__How to complete this task__: Except for the images, repeat the entries below word for word.

__Records for processing__:

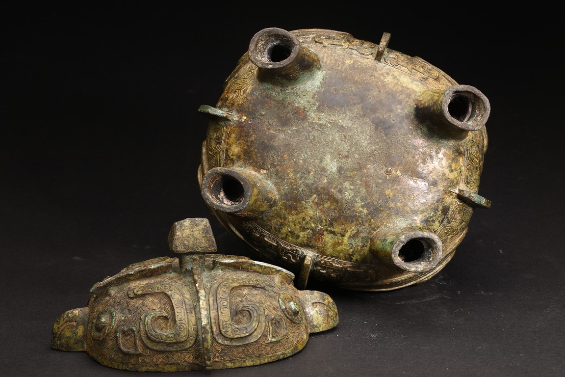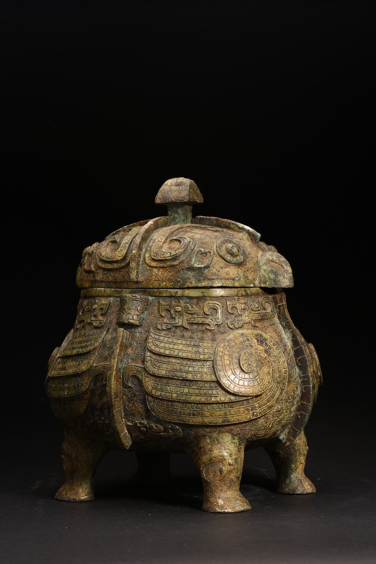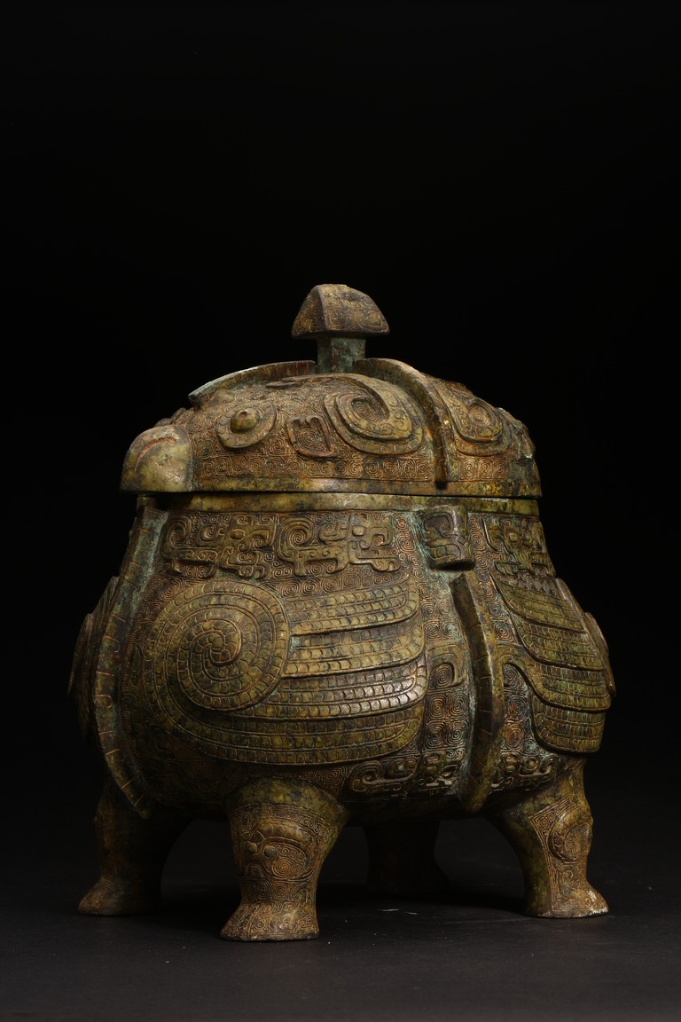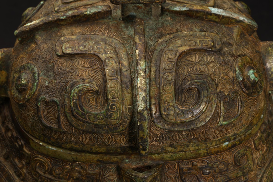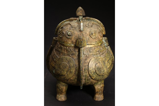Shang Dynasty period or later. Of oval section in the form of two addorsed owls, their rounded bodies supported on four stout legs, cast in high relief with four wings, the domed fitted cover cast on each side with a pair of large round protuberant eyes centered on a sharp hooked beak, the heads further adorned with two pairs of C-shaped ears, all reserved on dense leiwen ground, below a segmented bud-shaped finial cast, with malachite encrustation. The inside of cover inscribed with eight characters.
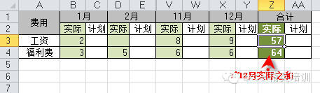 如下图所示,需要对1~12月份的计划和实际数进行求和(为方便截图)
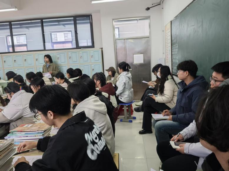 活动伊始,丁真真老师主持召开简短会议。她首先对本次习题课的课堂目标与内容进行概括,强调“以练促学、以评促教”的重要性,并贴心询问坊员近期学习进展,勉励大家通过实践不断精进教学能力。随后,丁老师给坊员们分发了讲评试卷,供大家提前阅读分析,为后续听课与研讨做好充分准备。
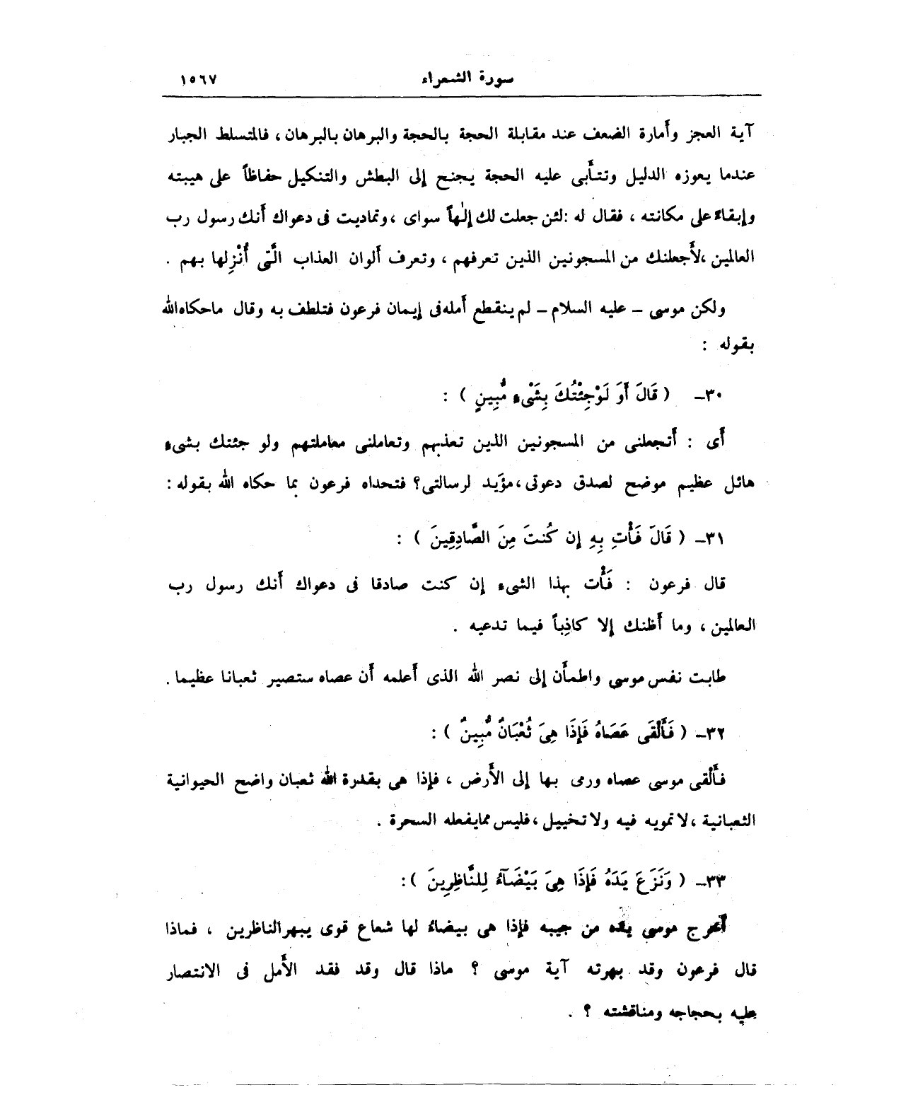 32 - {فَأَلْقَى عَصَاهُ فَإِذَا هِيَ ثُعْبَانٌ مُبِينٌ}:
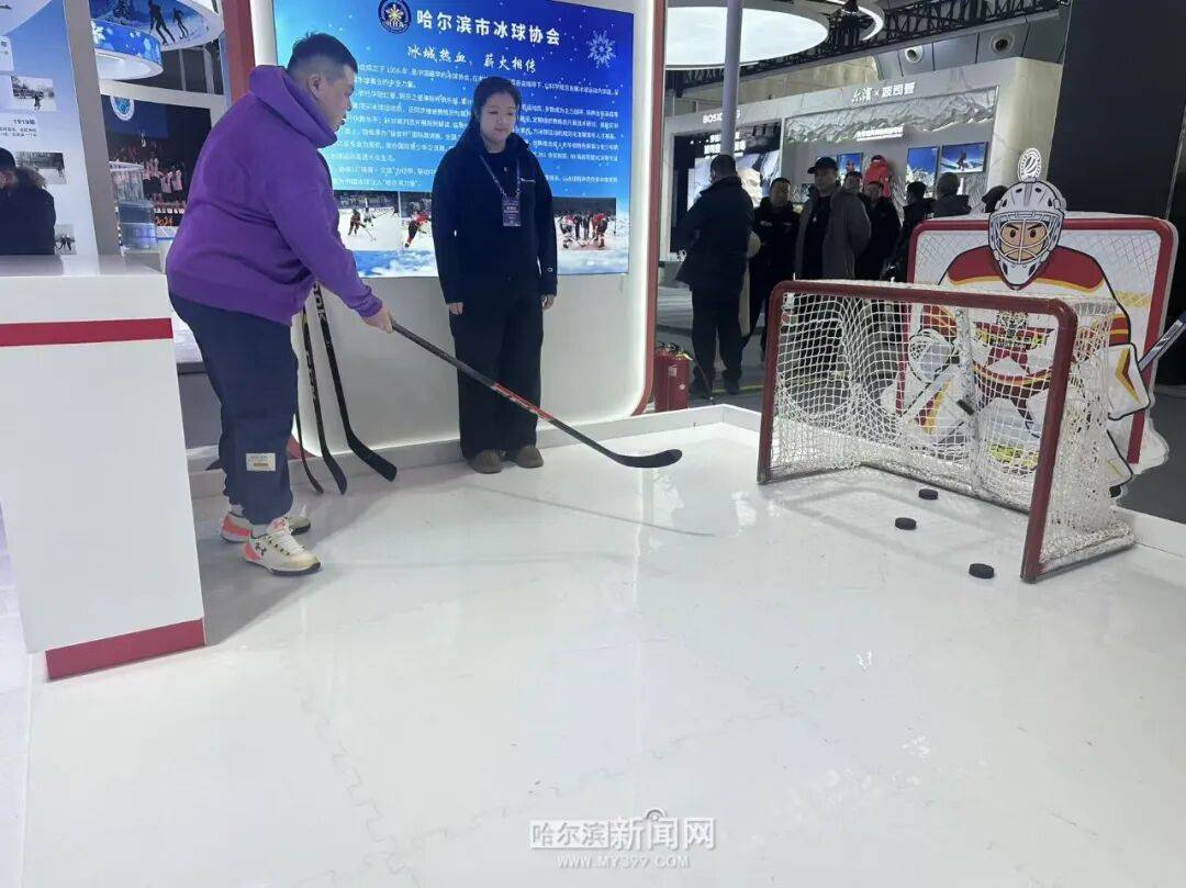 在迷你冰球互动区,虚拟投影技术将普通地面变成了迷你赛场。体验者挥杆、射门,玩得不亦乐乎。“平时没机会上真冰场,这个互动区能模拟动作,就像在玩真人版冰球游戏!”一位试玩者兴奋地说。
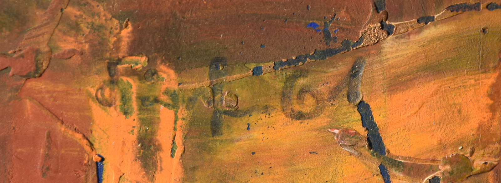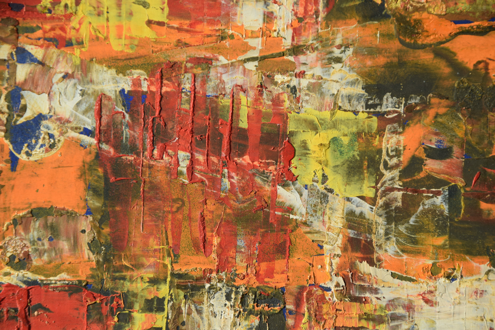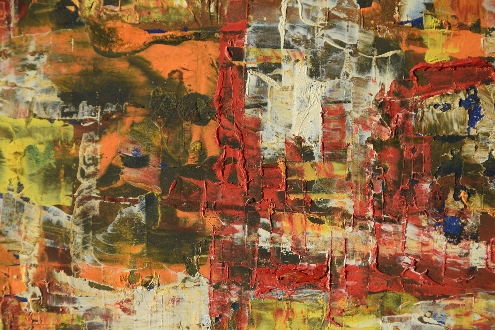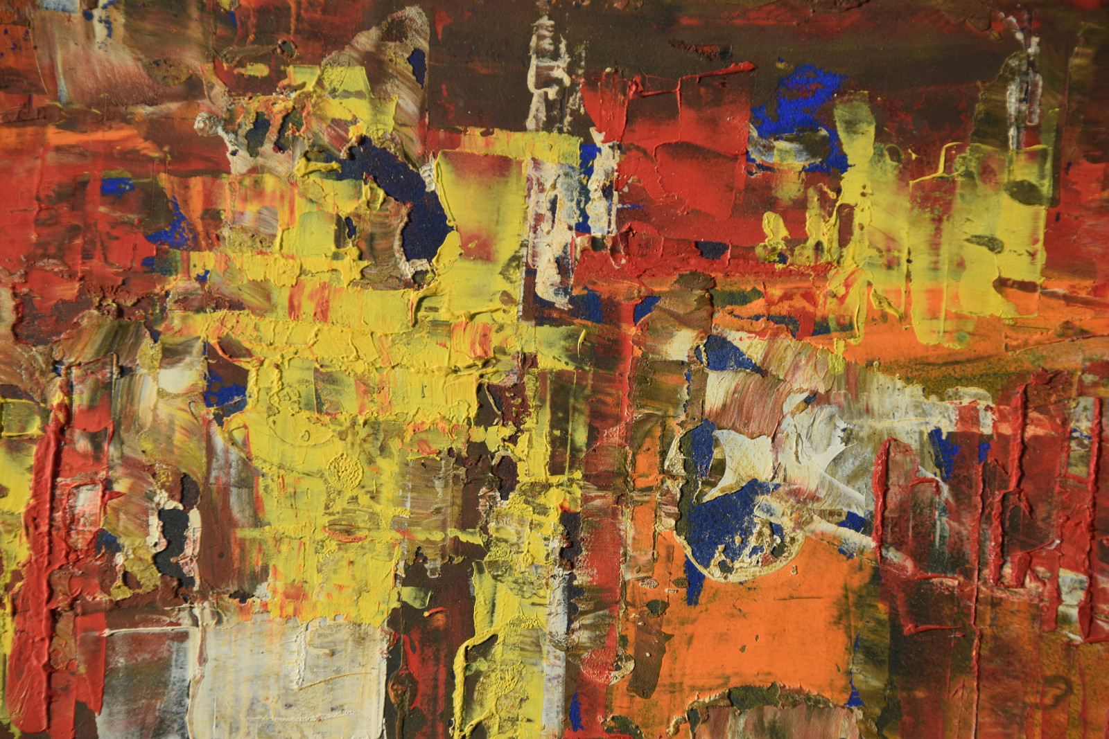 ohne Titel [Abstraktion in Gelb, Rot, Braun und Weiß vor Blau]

__Reply to the task__:
Shang Dynasty period or later. Of oval section in the form of two addorsed owls, their rounded bodies supported on four stout legs, cast in high relief with four wings, the domed fitted cover cast on each side with a pair of large round protuberant eyes centered on a sharp hooked beak, the heads further adorned with two pairs of C-shaped ears, all reserved on dense leiwen ground, below a segmented bud-shaped finial cast, with malachite encrustation. The inside of cover inscribed with eight characters.
 如下图所示,需要对1~12月份的计划和实际数进行求和(为方便截图)
 活动伊始,丁真真老师主持召开简短会议。她首先对本次习题课的课堂目标与内容进行概括,强调“以练促学、以评促教”的重要性,并贴心询问坊员近期学习进展,勉励大家通过实践不断精进教学能力。随后,丁老师给坊员们分发了讲评试卷,供大家提前阅读分析,为后续听课与研讨做好充分准备。
 32 - {فَأَلْقَى عَصَاهُ فَإِذَا هِيَ ثُعْبَانٌ مُبِينٌ}:
 在迷你冰球互动区,虚拟投影技术将普通地面变成了迷你赛场。体验者挥杆、射门,玩得不亦乐乎。“平时没机会上真冰场,这个互动区能模拟动作,就像在玩真人版冰球游戏!”一位试玩者兴奋地说。
 ohne Titel [Abstraktion in Gelb, Rot, Braun und Weiß vor Blau]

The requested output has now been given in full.